La Banque Centrale Européenne (BCE) franchit une étape majeure dans le déploiement de l’euro numérique. Cinq piliers de ce futur moyen de paiement électronique ont été attribués, marquant l’avancée d’un projet ambitieux où l’Italie joue un rôle central. En effet, le développement du « Software Development Kit » (SDK), composant essentiel à l’adoption de la monnaie, a été confié à un consortium mené par les entreprises italiennes Almaviva et Fabrick.
Ce projet d’envergure s’étend sur quatre ans, avec un contrat estimé à 76,8 millions d’euros et un cadre pouvant atteindre 153,6 millions d’euros. Les lauréats auront la tâche de concevoir l’application de l’euro numérique, baptisée « Lapon », ainsi que le SDK associé. Ce dernier sera déterminant pour l’intégration de la nouvelle monnaie électronique sur les appareils mobiles et les interfaces en ligne des quelque 400 millions d’Européens concernés. L’objectif est de rendre cet outil de paiement universel, accessible, gratuit, sûr et fiable pour tous, à l’instar des espèces et des systèmes de paiement actuels garantis par la BCE.
L’euro numérique se veut une application pratique, permettant à chaque utilisateur de disposer d’un portefeuille électronique pour ses transactions quotidiennes, qu’il s’agisse d’achats en magasin, de paiements en ligne ou de virements entre particuliers.
Piero Cipollone, membre du Comité exécutif de la BCE, a récemment réitéré la vision de l’institution lors d’un discours à Francfort. Il a rappelé que la monnaie de banque centrale demeure le socle de la confiance et de la stabilité financière. Dans un écosystème des paiements en constante mutation, les banques centrales doivent impérativement s’adapter aux innovations numériques pour préserver ce rôle de gardien de la confiance.

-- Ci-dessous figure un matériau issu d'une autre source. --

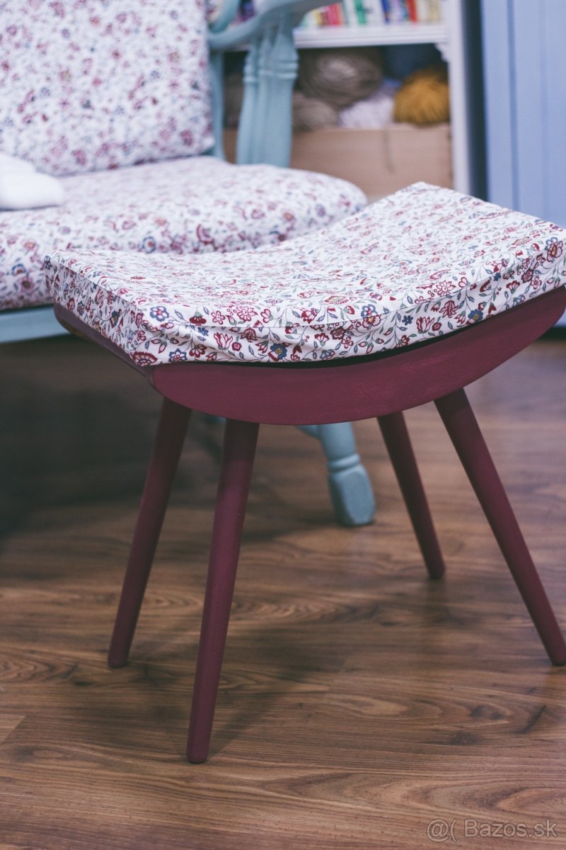 Stolička bez operadla - staršia, maľovaná s novým poťahom na sedák, ktorý sa dá dať dole a oprať, 44x30cm, výška 47cm, cena 45€, osobný odber BA Rača

« L’argent des banques centrales est toujours l’ancre de la confiance et de la stabilité du système financier. Les espèces offrent un système immédiat et sans risque pour les transactions de détail et les marchés de gros, éliminant les risques de contrepartie. Dans les deux cas, la confiance est garantie par la convertibilité avec l’argent des banques centrales. Mais dans un monde qui enregistre une évolution rapide de l’écosystème des paiements et de l’innovation, les banques centrales doivent également jouer leur jeu sur la nouvelle frontière numérique afin de défendre le patrimoine de la confiance et de la stabilité dont elles sont des gardiennes. »

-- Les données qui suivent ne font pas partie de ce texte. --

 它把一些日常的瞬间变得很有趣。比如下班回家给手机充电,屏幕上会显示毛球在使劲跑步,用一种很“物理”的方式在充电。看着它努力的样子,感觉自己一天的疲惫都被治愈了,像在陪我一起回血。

C’est dans cette optique que la BCE explore les technologies de registre distribué (DLT), telles que les blockchains, non pas par mimétisme, mais pour évaluer leur potentiel en termes d’efficacité, de programmation et d’intégration des services. L’objectif est de connecter l’euro numérique à l’ensemble de l’écosystème des paiements, du détail au marché de gros, aujourd’hui largement numérisé et dépendant de systèmes comme le T2 au sein de la zone euro. L’adoption de ces technologies permettra également de contrer le risque de fragmentation induit par la numérisation et la tokenisation, affirmant ainsi le rôle de la BCE en tant que garante de la confiance dans le système économique.